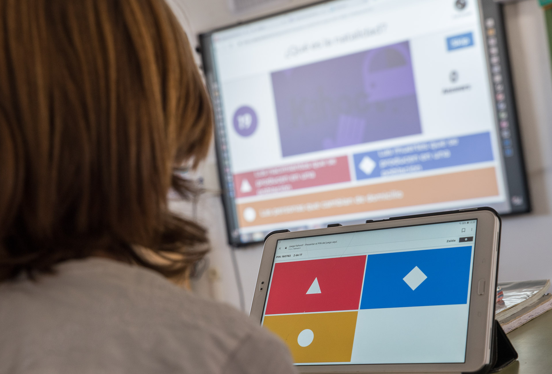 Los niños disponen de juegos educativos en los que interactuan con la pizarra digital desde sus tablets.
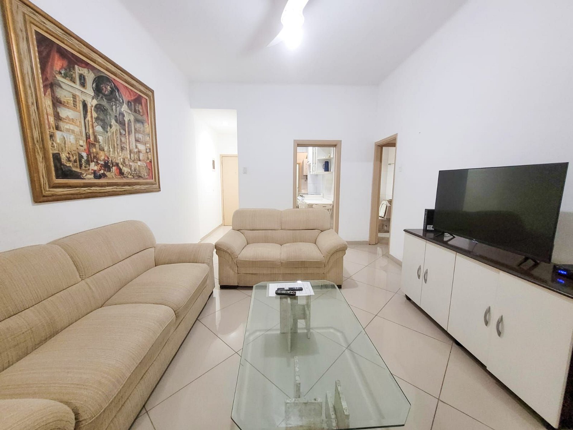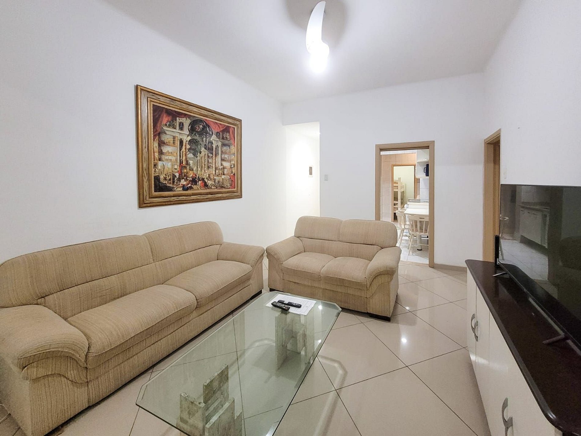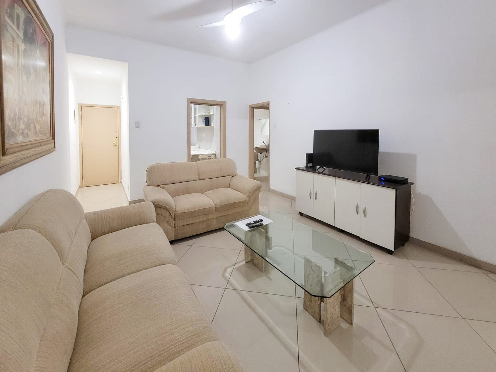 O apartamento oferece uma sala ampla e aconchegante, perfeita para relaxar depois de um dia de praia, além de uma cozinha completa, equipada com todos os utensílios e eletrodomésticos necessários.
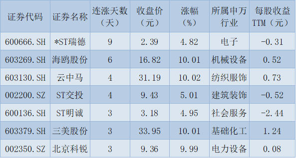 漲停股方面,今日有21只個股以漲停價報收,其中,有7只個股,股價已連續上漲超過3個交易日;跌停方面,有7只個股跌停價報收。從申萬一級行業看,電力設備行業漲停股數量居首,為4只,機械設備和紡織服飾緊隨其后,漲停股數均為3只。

◇ ◇ ◇ ◇

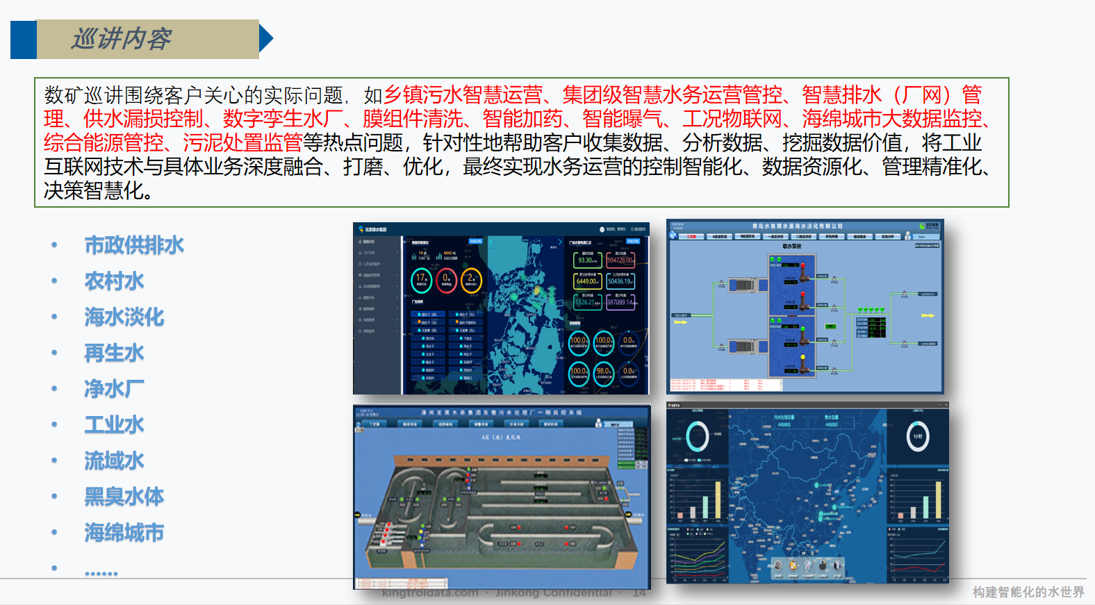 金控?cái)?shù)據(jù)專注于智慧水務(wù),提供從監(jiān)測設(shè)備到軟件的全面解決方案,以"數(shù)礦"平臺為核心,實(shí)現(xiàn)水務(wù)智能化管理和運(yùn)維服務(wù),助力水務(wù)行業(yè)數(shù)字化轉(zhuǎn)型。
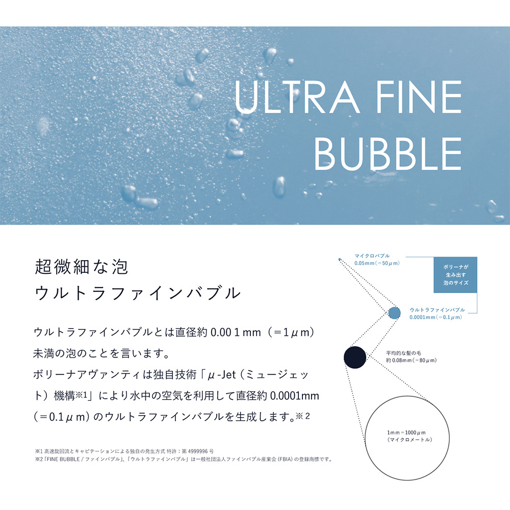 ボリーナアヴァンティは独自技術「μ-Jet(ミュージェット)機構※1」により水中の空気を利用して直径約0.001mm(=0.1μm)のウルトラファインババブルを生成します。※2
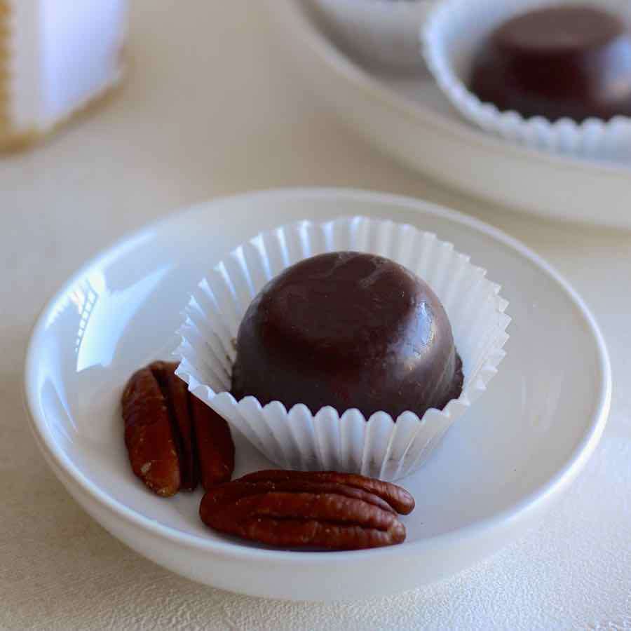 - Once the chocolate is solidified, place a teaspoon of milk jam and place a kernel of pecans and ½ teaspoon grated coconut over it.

◇ ◇ ◇ ◇

What you are asked to do →
Look above for the line containing "ボリーナアヴァンティは独自技", then copy exactly from it through the line containing "- Once the chocolate", keeping both and leaving out pictures. Add nothing else.

Exercise output →
 ボリーナアヴァンティは独自技術「μ-Jet(ミュージェット)機構※1」により水中の空気を利用して直径約0.001mm(=0.1μm)のウルトラファインババブルを生成します。※2
 - Once the chocolate is solidified, place a teaspoon of milk jam and place a kernel of pecans and ½ teaspoon grated coconut over it.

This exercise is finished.